UMOD And The Architecture Of Kidney Disease Ⅱ

GWAS for urinary levels of uromodulin 

The availability of reliable assays and protocols to measure uromodulin levels allowed for analyzing the genetic factors associated with its excretion [71]. A first meta-GWAS approach performed on 10,884 individuals of European descent from six cohorts identified common variants within the promoter of UMOD as the single genome-wide significant locus associated with the levels of uromodulin in urine [40]. The top UMOD promoter variant, rs12917707, was associated in a dose-dependent fashion with the urinary levels of uromodulin, and in strong LD with the CKD variants [40].
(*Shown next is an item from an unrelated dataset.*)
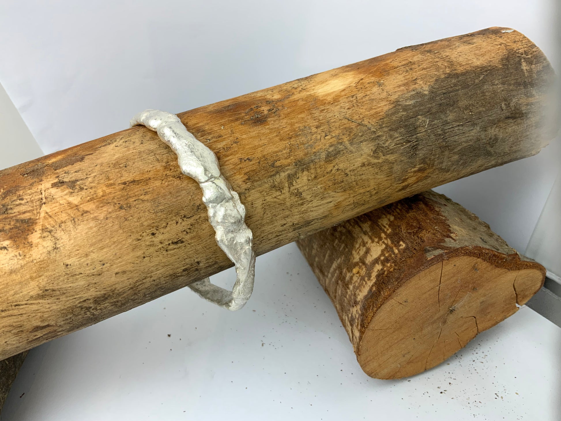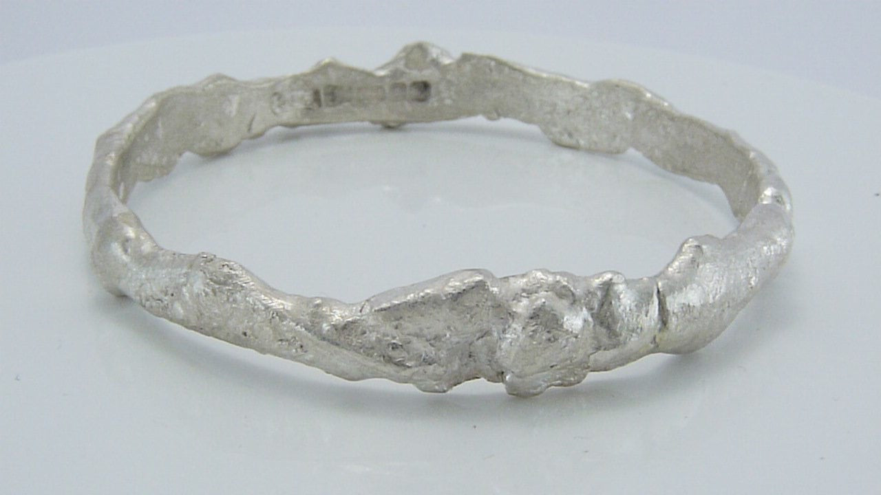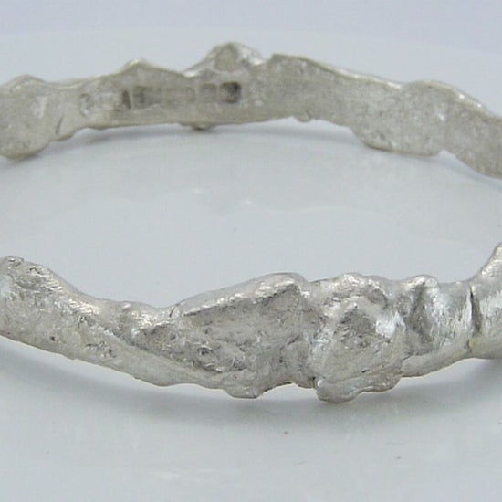 A solid sterling silver bangle, forged by hand, creating the irregular texture of a raw silver nugget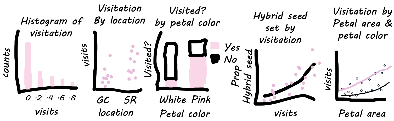 - Our response variables are hybrid seed production and pollinator visitation (and perhaps we would like to know the extent to which pollinator visitation predicts the proportion of hybrid seed).

A meta-analysis designed to increase the power to detect novel loci was recently conducted in 29,315 individuals of European ancestry from 13 cohorts including CoLaus [29]. Two genome-wide signifcant signals were identified for the urinary levels of uromodulin: a novel locus over the KRT40 gene coding for keratin-40 (KRT40), a type 1 keratin expressed in the kidney, and the UMOD-PDILT locus, with two independent sets of single nucleotide polymorphisms spread over UMOD and the adjacent PDILT. In follow-up experiments, KRT40 was shown to colocalize with uromodulin in TAL cells, while knock-down of KRT40 expression in primary mTAL cells affected uromodulin processing and excretion, providing a biological counterpart for the GWAS association [29]. Keratins are intermediate filaments that form the cytoskeleton in epithelial cells. As cytoskeletal proteins, keratins are involved in maintaining the physical integrity, mechanical stability, and intracellular organization within cells—for example, trafficking of proteins to the plasma membrane [8, 28]. That altered expression of KRT40 affects uromodulin (and also ROMK) processing in TAL cells suggests a role of specific cytokeratins on the sorting of proteins in kidney tubular cells [29]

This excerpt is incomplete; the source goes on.